• DATASET RECORDS:
==*==
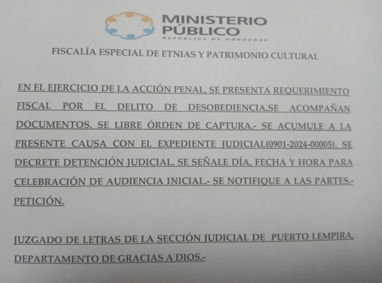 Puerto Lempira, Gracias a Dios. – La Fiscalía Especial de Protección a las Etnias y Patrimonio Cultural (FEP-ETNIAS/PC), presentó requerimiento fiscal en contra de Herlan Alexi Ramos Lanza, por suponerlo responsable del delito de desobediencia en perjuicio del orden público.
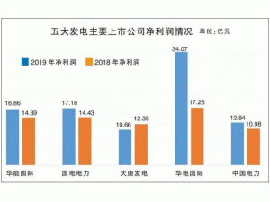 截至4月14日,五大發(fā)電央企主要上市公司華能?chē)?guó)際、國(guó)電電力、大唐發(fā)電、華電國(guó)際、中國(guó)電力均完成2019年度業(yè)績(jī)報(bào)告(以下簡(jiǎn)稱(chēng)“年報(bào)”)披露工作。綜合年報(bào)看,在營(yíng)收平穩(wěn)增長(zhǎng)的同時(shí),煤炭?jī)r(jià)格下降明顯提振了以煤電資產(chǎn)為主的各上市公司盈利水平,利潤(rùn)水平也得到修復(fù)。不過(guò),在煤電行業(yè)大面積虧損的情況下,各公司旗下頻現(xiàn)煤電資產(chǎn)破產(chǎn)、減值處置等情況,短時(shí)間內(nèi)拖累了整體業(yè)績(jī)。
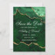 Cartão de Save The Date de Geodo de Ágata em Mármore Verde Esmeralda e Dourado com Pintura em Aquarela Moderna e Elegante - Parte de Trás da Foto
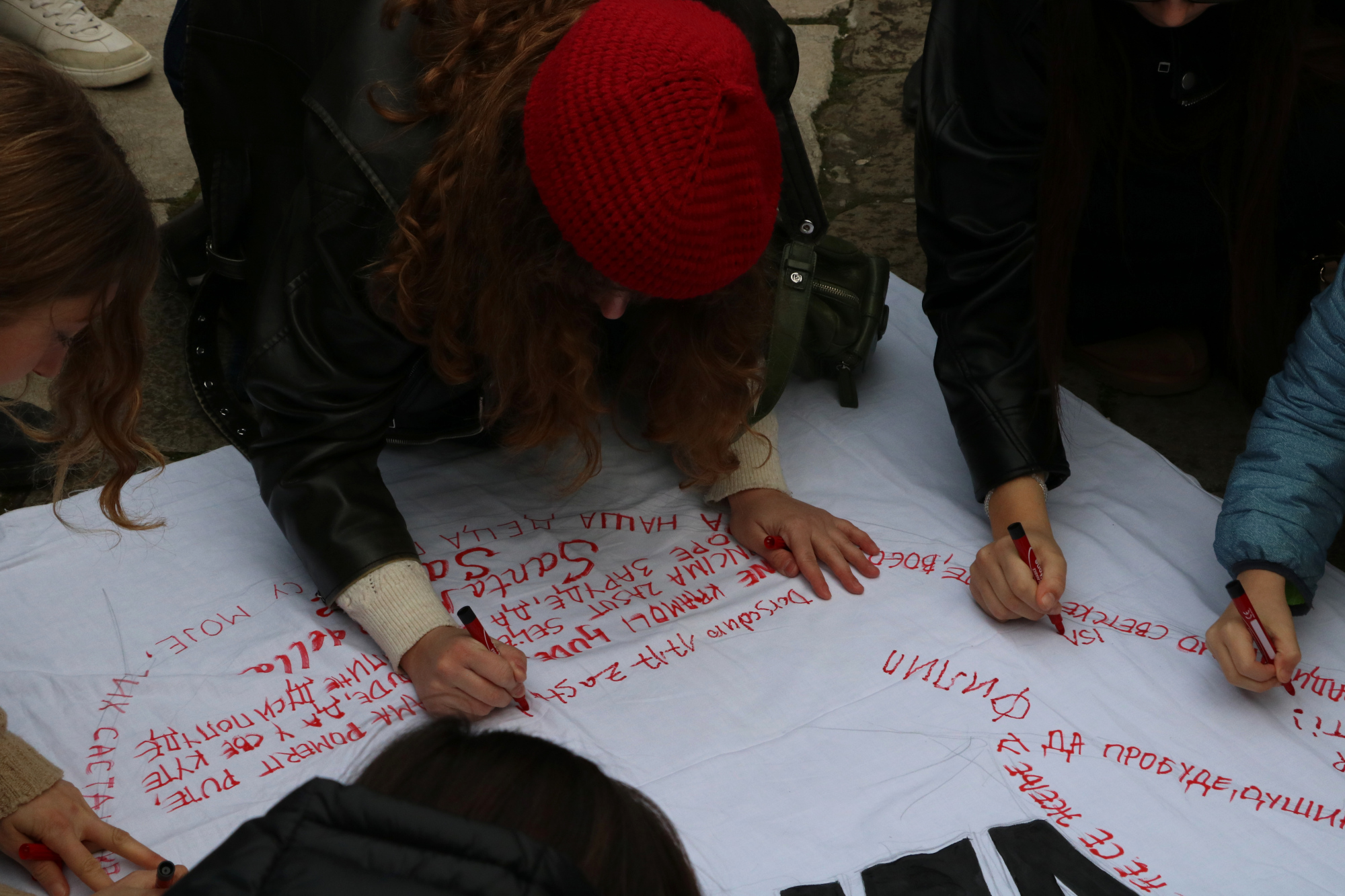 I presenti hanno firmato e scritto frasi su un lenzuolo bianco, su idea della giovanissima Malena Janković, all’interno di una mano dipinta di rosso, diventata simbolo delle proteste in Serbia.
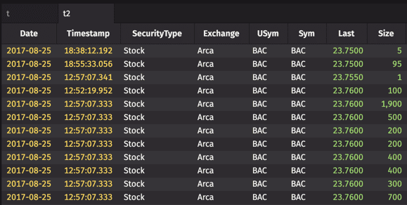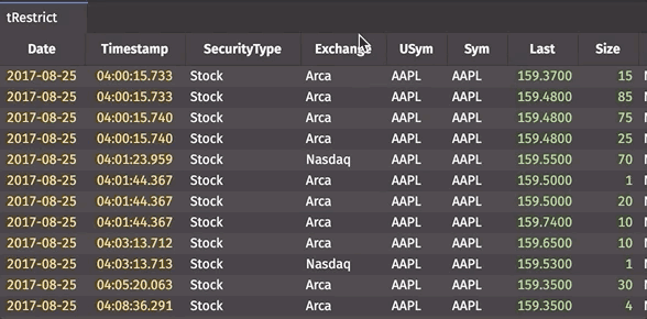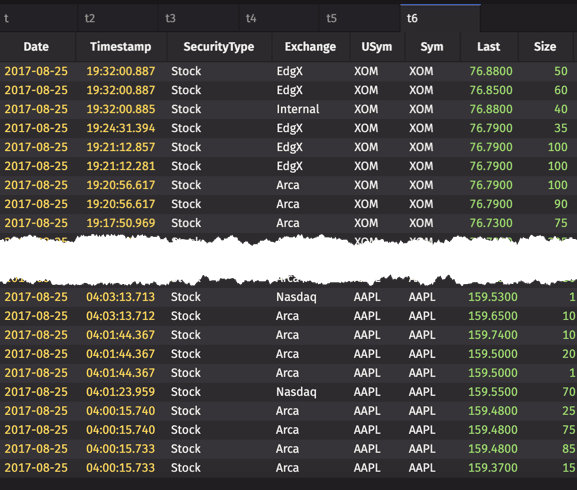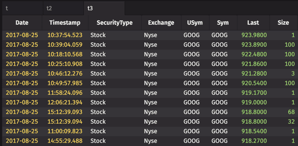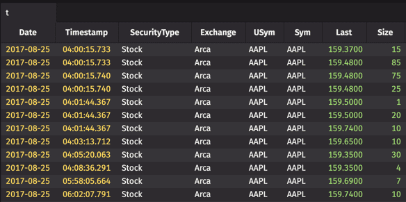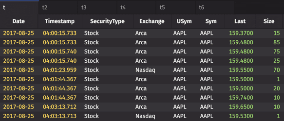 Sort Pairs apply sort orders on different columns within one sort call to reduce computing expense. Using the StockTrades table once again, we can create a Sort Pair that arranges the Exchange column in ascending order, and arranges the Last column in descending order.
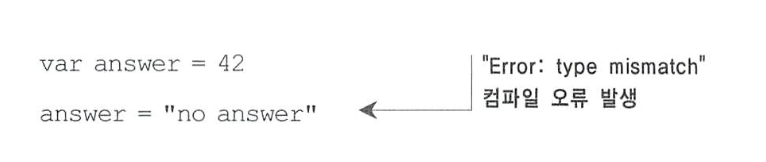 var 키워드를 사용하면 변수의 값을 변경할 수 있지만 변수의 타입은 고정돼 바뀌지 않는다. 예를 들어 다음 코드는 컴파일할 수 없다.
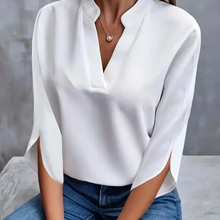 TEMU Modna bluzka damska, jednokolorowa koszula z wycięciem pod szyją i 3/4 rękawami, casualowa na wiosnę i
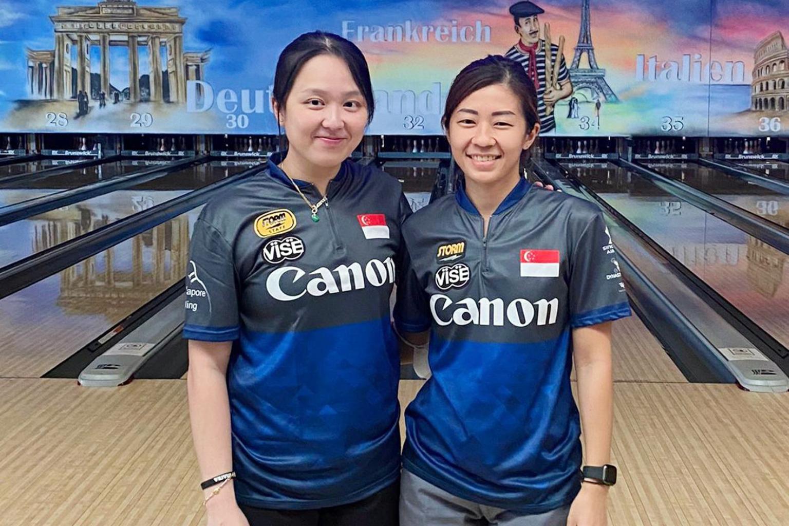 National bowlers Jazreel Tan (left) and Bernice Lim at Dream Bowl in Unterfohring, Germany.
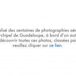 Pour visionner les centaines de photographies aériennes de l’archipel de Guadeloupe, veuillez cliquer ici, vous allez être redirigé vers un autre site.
==*==
• WORK TO BE COMPLETED:
Only lines belong in the copy, not pictures: write out exactly the lines of the records from the first through the one holding "Cartão de Save".

• REPLY:
 Puerto Lempira, Gracias a Dios. – La Fiscalía Especial de Protección a las Etnias y Patrimonio Cultural (FEP-ETNIAS/PC), presentó requerimiento fiscal en contra de Herlan Alexi Ramos Lanza, por suponerlo responsable del delito de desobediencia en perjuicio del orden público.
 截至4月14日,五大發(fā)電央企主要上市公司華能?chē)?guó)際、國(guó)電電力、大唐發(fā)電、華電國(guó)際、中國(guó)電力均完成2019年度業(yè)績(jī)報(bào)告(以下簡(jiǎn)稱(chēng)“年報(bào)”)披露工作。綜合年報(bào)看,在營(yíng)收平穩(wěn)增長(zhǎng)的同時(shí),煤炭?jī)r(jià)格下降明顯提振了以煤電資產(chǎn)為主的各上市公司盈利水平,利潤(rùn)水平也得到修復(fù)。不過(guò),在煤電行業(yè)大面積虧損的情況下,各公司旗下頻現(xiàn)煤電資產(chǎn)破產(chǎn)、減值處置等情況,短時(shí)間內(nèi)拖累了整體業(yè)績(jī)。
 Cartão de Save The Date de Geodo de Ágata em Mármore Verde Esmeralda e Dourado com Pintura em Aquarela Moderna e Elegante - Parte de Trás da Foto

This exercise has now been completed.